Market Monetarism – the new saving idea in central banking? Market Monetarism is a school of macroeconomic thought that advocates that central banks target the level of nominal income (i.e. nominal GDP) instead of inflation, unemployment, or other measures of economic activity. In contrast to traditional monetarists, market monetarists do not believe monetary aggregates (money supply) and/or commodity prices such as gold are the optimal guide to intervention.
As a way of reminder, the Fed today has a dual mandate, to achieve price stability and maximum employment. Hence they often target inflation and unemployment data points. The other big central bank, the ECB, has only one mandate, and that is, price stability. Hence the ECB primarily looks at inflation rates only, as their key data point in making their monetary policy decisions.
One of the chief proponents of Market Monetarism is Scott Sumner. He is an economist who teaches at Bentley University in Waltham, Massachusetts. His economics blog, The Money Illusion, popularized the idea of nominal GDP targeting, which says that the Fed should target nominal GDP to better “induce the correct level of business investment.” In May 2012, Chicago Fed President Charles L. Evans became the first sitting member of the Federal Open Market Committee (FOMC) to endorse the idea.

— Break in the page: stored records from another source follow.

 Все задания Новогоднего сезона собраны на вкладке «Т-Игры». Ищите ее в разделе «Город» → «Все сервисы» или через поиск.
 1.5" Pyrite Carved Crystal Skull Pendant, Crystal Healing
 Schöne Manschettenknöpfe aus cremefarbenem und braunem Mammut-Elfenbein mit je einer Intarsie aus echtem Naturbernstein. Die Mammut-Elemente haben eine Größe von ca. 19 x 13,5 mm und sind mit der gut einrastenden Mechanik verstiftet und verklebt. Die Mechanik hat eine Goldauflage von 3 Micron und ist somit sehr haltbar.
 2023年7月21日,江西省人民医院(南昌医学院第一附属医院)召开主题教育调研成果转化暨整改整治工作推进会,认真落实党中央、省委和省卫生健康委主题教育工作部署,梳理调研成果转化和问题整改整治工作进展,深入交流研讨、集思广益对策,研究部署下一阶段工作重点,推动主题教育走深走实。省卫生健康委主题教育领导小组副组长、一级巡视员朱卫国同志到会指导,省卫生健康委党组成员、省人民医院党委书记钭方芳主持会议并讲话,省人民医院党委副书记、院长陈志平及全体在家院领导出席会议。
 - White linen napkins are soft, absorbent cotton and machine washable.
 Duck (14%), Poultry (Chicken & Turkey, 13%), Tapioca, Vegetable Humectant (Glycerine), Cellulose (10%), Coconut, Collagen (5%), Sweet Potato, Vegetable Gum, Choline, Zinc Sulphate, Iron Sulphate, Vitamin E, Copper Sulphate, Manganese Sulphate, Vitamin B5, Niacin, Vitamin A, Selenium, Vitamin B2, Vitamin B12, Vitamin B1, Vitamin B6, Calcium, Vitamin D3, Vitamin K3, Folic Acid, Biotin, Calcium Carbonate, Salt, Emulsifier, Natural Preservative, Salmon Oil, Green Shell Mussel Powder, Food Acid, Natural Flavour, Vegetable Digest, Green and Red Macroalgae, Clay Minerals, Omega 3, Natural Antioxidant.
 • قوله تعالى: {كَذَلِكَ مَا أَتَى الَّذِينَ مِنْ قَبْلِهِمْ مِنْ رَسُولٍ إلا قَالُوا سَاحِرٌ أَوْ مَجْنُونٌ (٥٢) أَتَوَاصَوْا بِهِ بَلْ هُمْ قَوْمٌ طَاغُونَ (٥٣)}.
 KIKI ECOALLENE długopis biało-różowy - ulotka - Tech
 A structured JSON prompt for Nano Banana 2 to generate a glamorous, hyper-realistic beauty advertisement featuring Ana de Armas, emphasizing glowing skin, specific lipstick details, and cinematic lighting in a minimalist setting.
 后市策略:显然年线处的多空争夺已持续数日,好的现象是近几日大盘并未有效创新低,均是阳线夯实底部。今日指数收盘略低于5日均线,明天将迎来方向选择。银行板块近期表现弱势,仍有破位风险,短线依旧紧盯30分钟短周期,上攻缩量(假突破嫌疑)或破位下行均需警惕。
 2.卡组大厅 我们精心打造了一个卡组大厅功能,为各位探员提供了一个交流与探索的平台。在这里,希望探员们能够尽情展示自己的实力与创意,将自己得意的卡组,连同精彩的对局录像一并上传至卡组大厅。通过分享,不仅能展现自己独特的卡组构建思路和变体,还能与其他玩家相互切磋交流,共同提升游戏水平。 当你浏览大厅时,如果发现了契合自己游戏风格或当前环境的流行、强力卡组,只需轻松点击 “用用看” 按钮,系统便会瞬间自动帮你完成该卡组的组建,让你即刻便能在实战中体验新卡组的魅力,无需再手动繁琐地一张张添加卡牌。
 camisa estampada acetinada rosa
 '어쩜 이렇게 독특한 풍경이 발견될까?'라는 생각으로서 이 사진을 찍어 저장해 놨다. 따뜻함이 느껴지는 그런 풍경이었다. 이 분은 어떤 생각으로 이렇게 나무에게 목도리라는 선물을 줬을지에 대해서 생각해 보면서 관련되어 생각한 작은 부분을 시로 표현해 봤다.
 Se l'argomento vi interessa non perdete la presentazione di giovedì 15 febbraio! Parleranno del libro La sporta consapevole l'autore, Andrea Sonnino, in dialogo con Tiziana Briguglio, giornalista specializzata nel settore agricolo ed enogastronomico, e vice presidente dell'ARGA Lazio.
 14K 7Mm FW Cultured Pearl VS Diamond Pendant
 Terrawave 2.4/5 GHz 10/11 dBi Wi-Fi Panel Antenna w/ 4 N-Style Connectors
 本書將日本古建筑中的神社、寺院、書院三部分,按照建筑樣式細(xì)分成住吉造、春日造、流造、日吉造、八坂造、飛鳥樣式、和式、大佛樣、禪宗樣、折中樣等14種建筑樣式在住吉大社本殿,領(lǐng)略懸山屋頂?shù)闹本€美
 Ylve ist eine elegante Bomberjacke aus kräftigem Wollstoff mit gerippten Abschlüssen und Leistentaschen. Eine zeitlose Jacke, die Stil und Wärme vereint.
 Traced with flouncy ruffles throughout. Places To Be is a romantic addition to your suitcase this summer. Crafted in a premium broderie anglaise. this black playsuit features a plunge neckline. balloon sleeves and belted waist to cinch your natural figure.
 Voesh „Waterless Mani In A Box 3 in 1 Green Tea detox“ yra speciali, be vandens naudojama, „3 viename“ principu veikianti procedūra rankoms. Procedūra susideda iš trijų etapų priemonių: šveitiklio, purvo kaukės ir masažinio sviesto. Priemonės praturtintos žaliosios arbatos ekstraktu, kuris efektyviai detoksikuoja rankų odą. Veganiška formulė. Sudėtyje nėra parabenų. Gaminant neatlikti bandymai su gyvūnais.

Does Market Monetarism make sense? I suppose a bit. Nominal GDP includes the productive capacity of employment, without inflation. Hence potentially satisfying the Fed’s dual mandate. However, not all GDP is the same. GDP over the last 30 years has risen in excess of 70%, but for the median family it is virtually zero. So just how will targeting GDP for central bank policy help the median family? This is the more fundamental problem, as current central bank policy is never about helping the man in the street.
Finally, this idea that some central planner can fine tune the economy better than natural market forces, has always baffled me. These central planners think they can smooth out business cycles for the benefit of people. Many of these data points that central banks look at, tend to be lagging. This lagging effect can cause policy mis-steps. Hence the supposed beneficial fine tuning, can actually cause the very business cycles that they were trying to prevent in the first place.
I am not persuaded by the Market Monetarism ideas. I still feel that the Monetarist ideas are still the best at providing the better longer term economic stability, with a defined predictable central bank policy. We can just reduce the Fed policy to an Excel spreadsheet: “money supply + 2%.” Regardless of your views on Market Monetarism, if the Fed is moving toward this ideology, we are going to have to watch even more closely GDP data points in the future.